In his final season with Aprilia, Jenkner finished the 1999 season with nine point-scoring finishes, a tenth place in Australia, an eighth place in France, two seventh places in Brno and Imola, and a career best finish of fifth in Valencia, ending his season 15th in the rider's championship, with 52 points.

====ADAC Sachsen Honda (2000)====
Making small steps forward, Jenkner would improve again in the 2000 season, having eleven point-scoring finishes, seven top-tens, including a sixth place in South Africa, and a fourth place in Mugello. He finished the year 12th in the overall standings, with 74 points.

====Team UGT 3000 Aprilia (2001-2002)====
Returning to Aprilia for the 2001 season, Jenkner would finally taste the champagne on the podium, finishing third in Assen, and Brno as well, ending a successful campaign in 11th overall, with 94 points.

Staying with the UGT 3000 Abruzzo Aprilia team for the 2002 season, Jenkner would have the best year of his career yet, finishing on the podium five times, all five being third places, at Jerez, Barcelona, the Sachsenring, Estoril, and Motegi. He finished the season fifth in the rider's championship, with 168 points.

====Exalt Cycle Red Devil (2003)====
Jenkner started the 2003 season like a dream, a third place in Suzuka, a third place in Phakisa, and a second place in Jerez, meant three consecutive podiums, and a chance at the title.

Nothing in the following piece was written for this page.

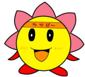
ボランティアキャラクター かがぼー
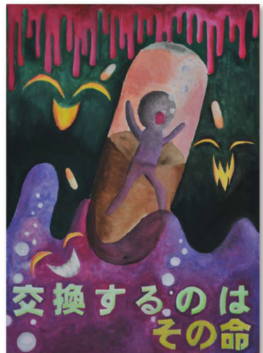
薬物乱用防止ポスター 最優秀作品

He retired in Mugello, and finished in fourth in Barcelona, before finally achieving his maiden 125cc victory in the 2003 Dutch TT, in Assen. However, following his victory, Jenkner retired from four consecutive races, ending his title hopes. He finished off the season well, with a third place in Australia, and a second place in Valencia, but the six retirements were too many, and he finished the year sixth in the rider's championship, with 151 points.

====Rauch Bravo Aprilia (2004)====
Partnering Marco Simoncelli in 2004, this would be Jenkner's final season in the 125cc category. In the second race of the season in Jerez, he would finish second, and in the fourth race of the season in Mugello, he would achieve his first pole position, but finished the race in seventh only. He was a solid points finisher, but did not have another podium, finishing the year eighth in the standings, with 122 points.

===250cc World Championship===
Graduating to the intermediate category for the final season of Jenkner's career, he would race with Nocable.it Race Aprilia team, and struggle with the bigger bikes. He failed to score a single point in the first eight races of the season, eventually finding a rhythm late on in the season, with six straight points finishes in Germany, Czechia, Japan, Malaysia, Qatar, and Australia. His 12th place in Japan was his best of the year, ultimately finishing his professional racing career 23rd in the standings, with 13 points.